The dllPath of the context is just a PUNICODE_STRING that contains the path of the DLL we want to inject.
That function will work as 64bit shellcode but for 32bit we'll need something different and basically 32bit assembly.

Injection of a 32bit DLL from a 64bit Kernel


The first thing that changes is when we inject the DLL. For 64bit we wait for ntdll.dll to be loaded (conveniently, it just happens to be the very first library loaded) but for 32bit APC we need to wait for a different library: wow64.dll

The reason for this is that to use an APC in a 32bit process, you can't just give the address of the routing that you want to execute. You need to give the address a specific API that is inside wow64.dll. Basically it's a thunking mechanism. 

The function that will do the work is: Wow64ApcRoutine

That function will be your APC routine, which in turn will call your actual shellcode.
The Wow64ApcRoutine routine is an APC normal routine. 

The parameters given to it are very specific though. When you create your APC you should have something like this:

LPLDR_CONTEXT32 context = (LPLDR_CONTEXT32)ctx;
PVOID ApcContext = (PVOID)(((ULONG_PTR)Apc32BitRoutine  << 32) + (ULONG_PTR) Apc32BitContext);
KeInitializeApc(apc, tThread,
OriginalApcEnvironment,
(PKKERNEL_ROUTINE)&KernelApcRoutine,
NULL,
context->Wow64ApcRoutine,
UserMode,
ApcContext);

KeInsertQueueApc(apc, 0, NULL, 0);

The context and other structures being defined as such:

typedef union
{
    struct
    {
ULONG Apc32BitContext;
ULONG Apc32BitRoutine;
    };
    PVOID Apc64BitContext;
} wow64ApcContext;

typedef wow64ApcContext  WOW64_CONTEXT;
typedef wow64ApcContext* LPWOW64_CONTEXT;

typedef struct ldrContext32 {
    ULONG ShellCode;
    UNICODE_STRING32 dllPath;
    DWORD Process;
    DWORD LdrLoadDll;
    PKNORMAL_ROUTINE Wow64ApcRoutine;
    WOW64_CONTEXT wow64Context;
} LDR_CONTEXT32, *LPLDR_CONTEXT32;

The Apc32BitRoutine is the address of your shellcode (you will have used ZwAllocateMemory() for the target process earlier).
The Apc32BitContext is your structure (basically just need the PUNICODE_STRING that specifies the path of your DLL)

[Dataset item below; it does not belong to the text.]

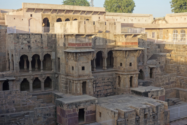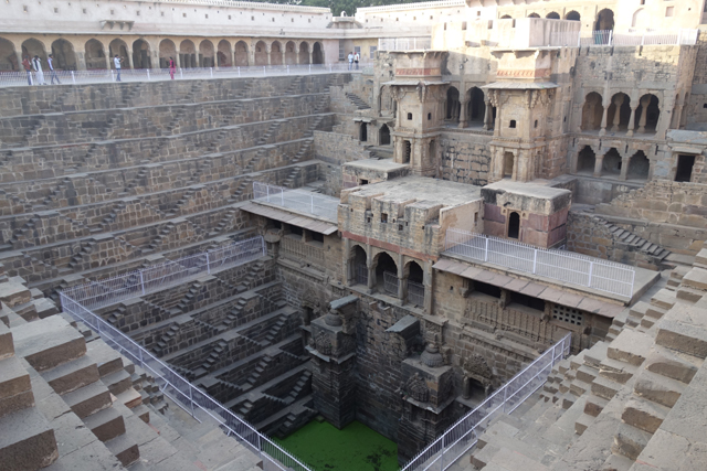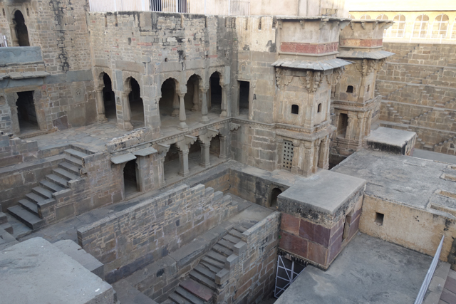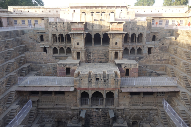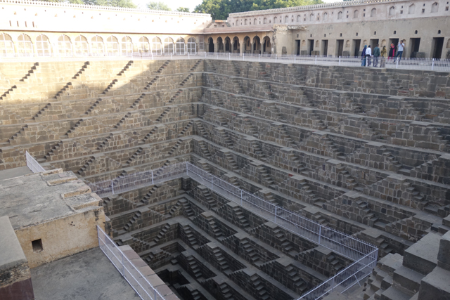 根據考據,它建造的年代相當早,約略是在八世紀,統治者名為「Chanda」的時代。在那麼古遠的時期,自然相關文字留下來的少,導致這建物的用途眾說紛紜。有人說「拉賈斯坦」是塊旱地,設計個讓民眾取水用的蓄水井很合理,於是「Chanda」轉化成「Chand」,而「Chand」在印度文是月亮,這地方就被稱作「月亮水井」(Chand Baori)了。也的確,現在往下望,坑的底部並非乾涸,仍有些許水位浮著藻綠。不過給人民用的東西有必要費工雕鑿成這樣嗎?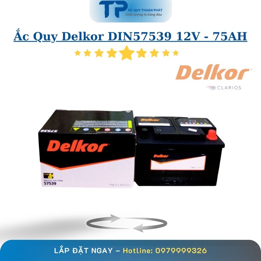 Tại TP.HCM, Thuận Phát là đại lý phân phối ắc quy Delkor DIN57539 12V – 75Ah cọc chìm chính hãng, dòng ắc quy được thiết kế theo tiêu chuẩn DIN châu Âu, chuyên dùng cho các dòng xe ô tô có nhu cầu sử dụng điện cao và yêu cầu độ ổn định lâu dài.

The APC will therefore call Wow64ApcRoutine (you got the address of that after wow64.dll got loaded), and in turn, it will call your shellcode with the given context as a parameter.

32Bit shell code


In an earlier iteration, I used the following code:

UCHAR x86shellCode[] = {
//"\xcc" // Break Point
"\x55" // push ebp
"\x8b\xec" // mov ebp, esp
"\x8b\x45\x08" // mov eax, dword ptr [ebp+8]
"\x83\xc0\x0c" // add eax,0Ch
"\x8b\xf4" // mov esi,esp
"\x50" // push eax
"\x8b\x4d\x08" // mov ecx, dword ptr[ebp+08]
"\x83\xc1\x04" // add ecx, 4
"\x51" // push ecx
"\x6a\x00" // push 0
"\x6a\x00" // push 0
"\x8b\x55\x08" // mov edx, dword [ebp+8]
"\x8b\x42\x10" // mov eax, dword [edx+8]
"\xff\xd0" // call eax Note: No need to clean the stack after the call
"\x5d" // pop ebp
"\xc3" // ret
"\x90\x90\x90" // NOP
};

This will get the address of LdrLoadDll from the context as well as the UNICODE_STRING with the path. Essentially it does the exact same thing as the 64bit code mentioned at the beginning.